Awaitable hello or legacy hello Protocol
To initiate an awaitable hello or legacy hello command, the client includes both maxAwaitTimeMS and topologyVersion in the request, for example:
{
hello: 1,
maxAwaitTimeMS: 10000,
topologyVersion: {processId: <ObjectId>, counter: <int64>},
( ... other fields ...)
}
Clients MAY additionally set the OP_MSG exhaustAllowed flag to enable streaming hello or legacy hello. With streaming hello or legacy hello, the server MAY send multiple hello or legacy hello responses without waiting for further requests.
A server that implements the new protocol follows these rules:
- Always include the server's topologyVersion in hello, legacy hello, and State Change Error replies.
- If the request includes topologyVersion without maxAwaitTimeMS or vice versa, return an error.
- If the request omits topologyVersion and maxAwaitTimeMS, reply immediately.
- If the request includes topologyVersion and maxAwaitTimeMS, then reply immediately if the server's topologyVersion.processId does not match the request's, otherwise reply when the server's topologyVersion.counter is greater than the request's, or maxAwaitTimeMS elapses, whichever comes first.

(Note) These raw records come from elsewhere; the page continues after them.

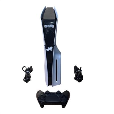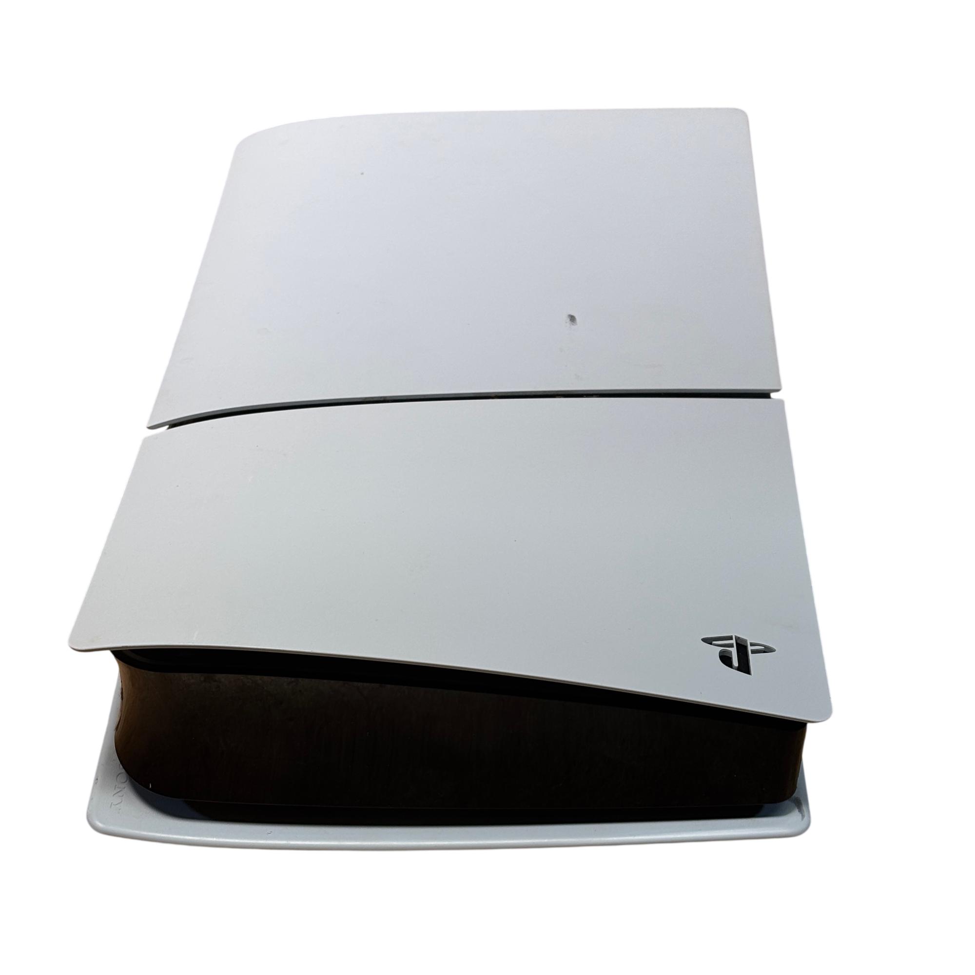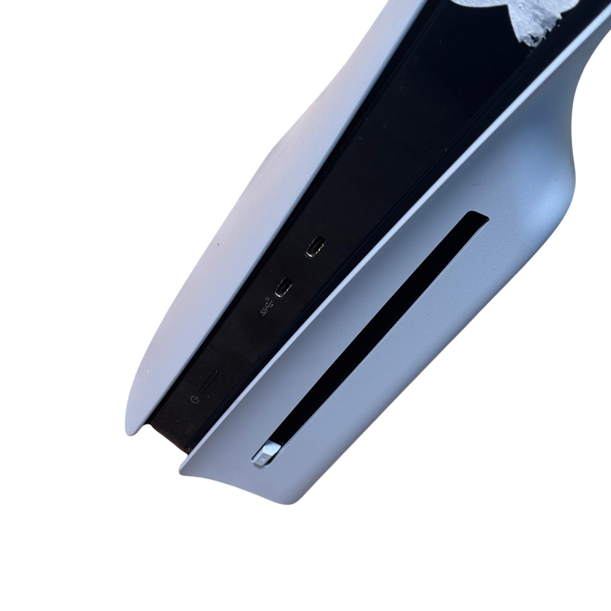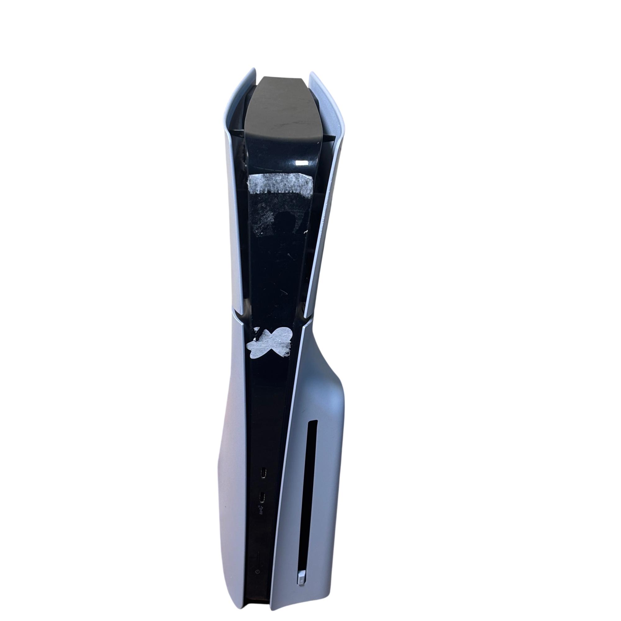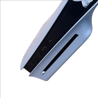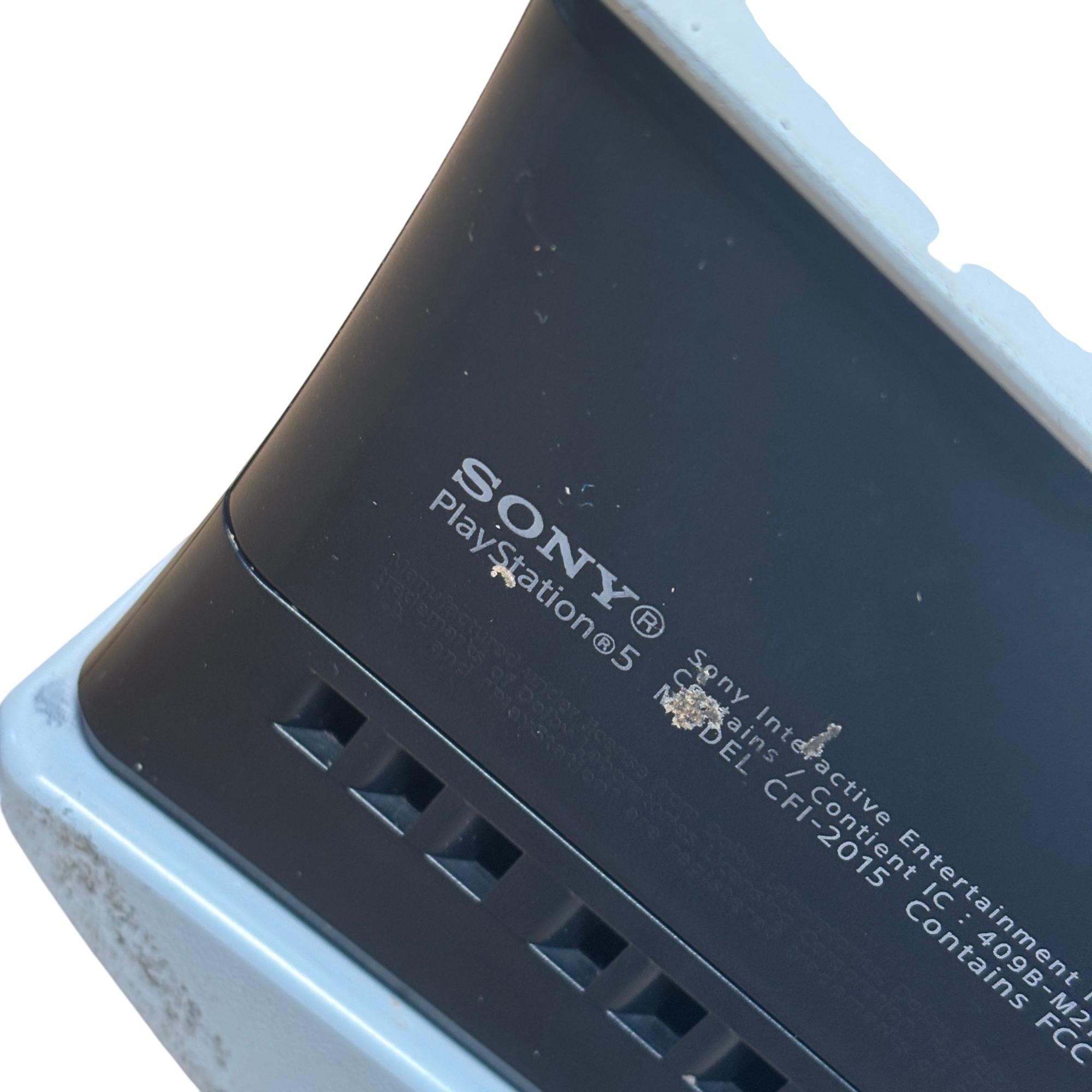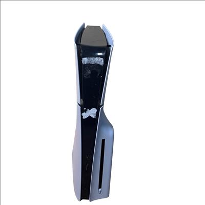 Sony PlayStation 5 Slim CFI-2015 Disc Edition 1TB Console features a sleek white design and enhanced hardware for immersive next-generation gaming. This model includes a matching black DualSense controller and necessary cables, offering high-speed performance and compatibility with a vast library of PlayStation games. The console shown has visible damage and is intended for parts or repair.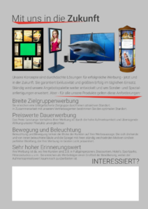 Unsere Konzepte sind durchdachte Lösungen für erfolgreiche Werbung - jetzt und in der Zukunft. Sie garantiert Exklusivität und größten Erfolg im täglichen Einsatz. Ständig wird unsere Angebotspalette weiter entwickelt und um Sonder- und Spezialanfertigungen erweitert. Aber - für alle unsere Produkte gelten diese Anforderungen: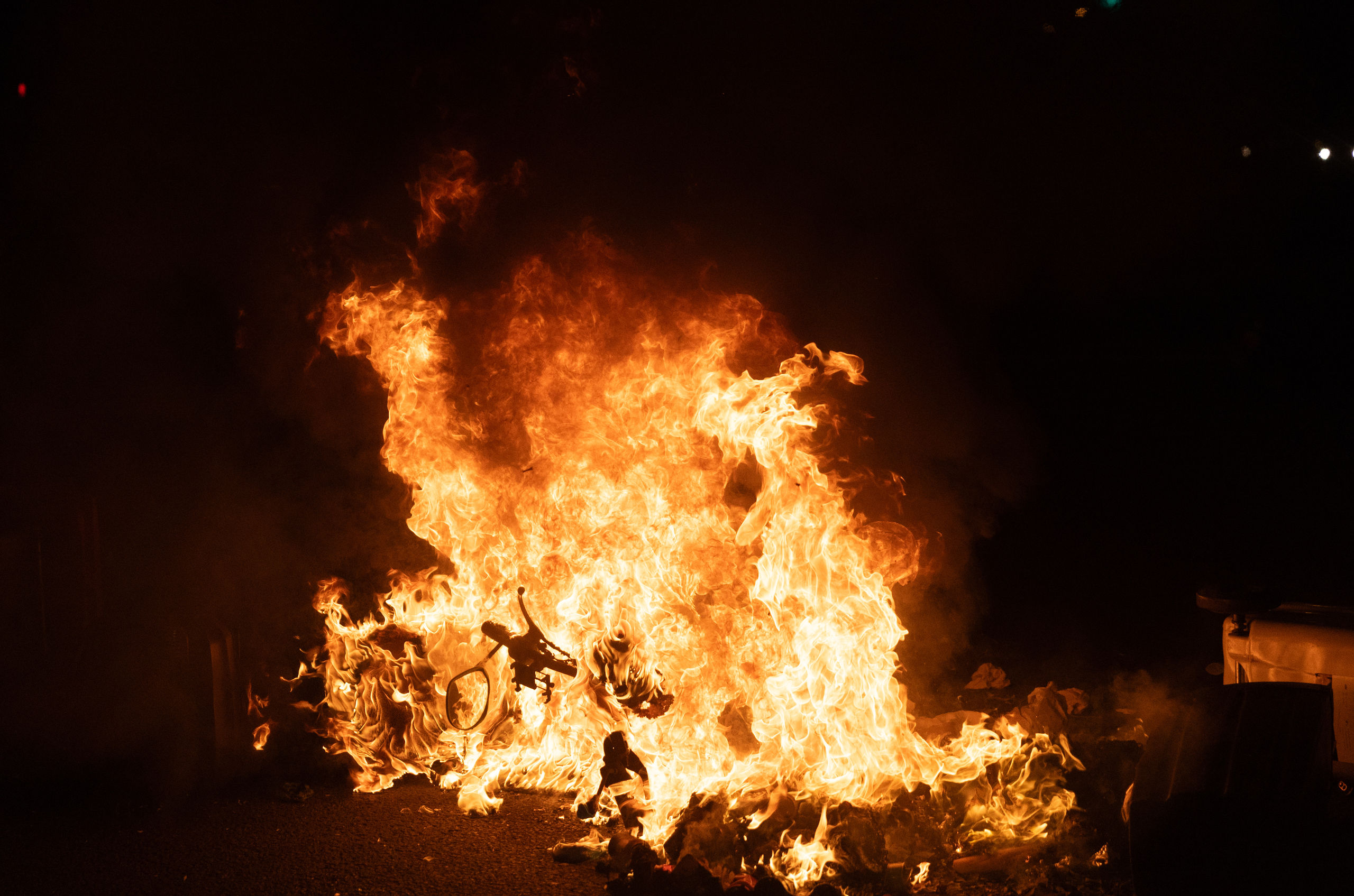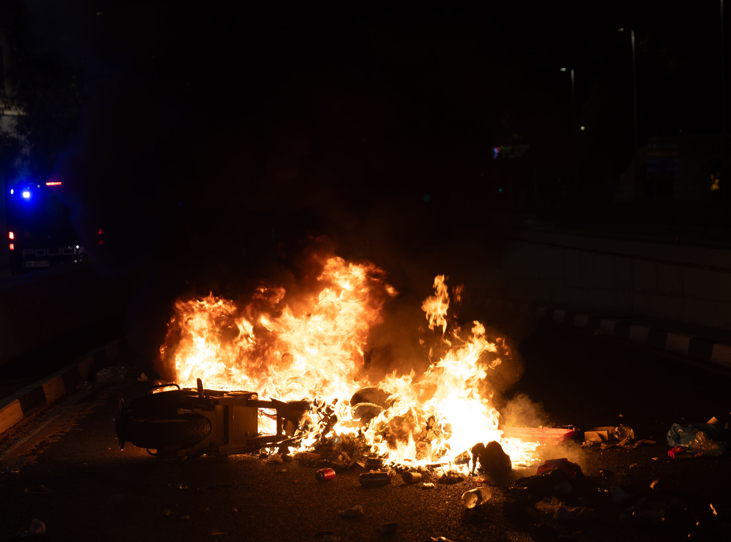 Una de las barricadas hecha por los ultras que han reventado la concentración en la sede del PSOE en contra de la amnistía.

- Following the OP_MSG spec, if the request omits the exhaustAllowed flag, the server MUST NOT
set the moreToCome flag on the reply. If the request's exhaustAllowed flag is set, the server MAY set the moreToCome
flag on the reply. If the server sets moreToCome, it MUST continue streaming replies without awaiting further
requests. Between replies it MUST wait until the server's topologyVersion.counter is incremented or maxAwaitTimeMS
elapses, whichever comes first. If the reply includes
ok: 0
the server MUST NOT set the moreToCome flag. - On a topology change that changes the horizon parameters, the server will close all application connections.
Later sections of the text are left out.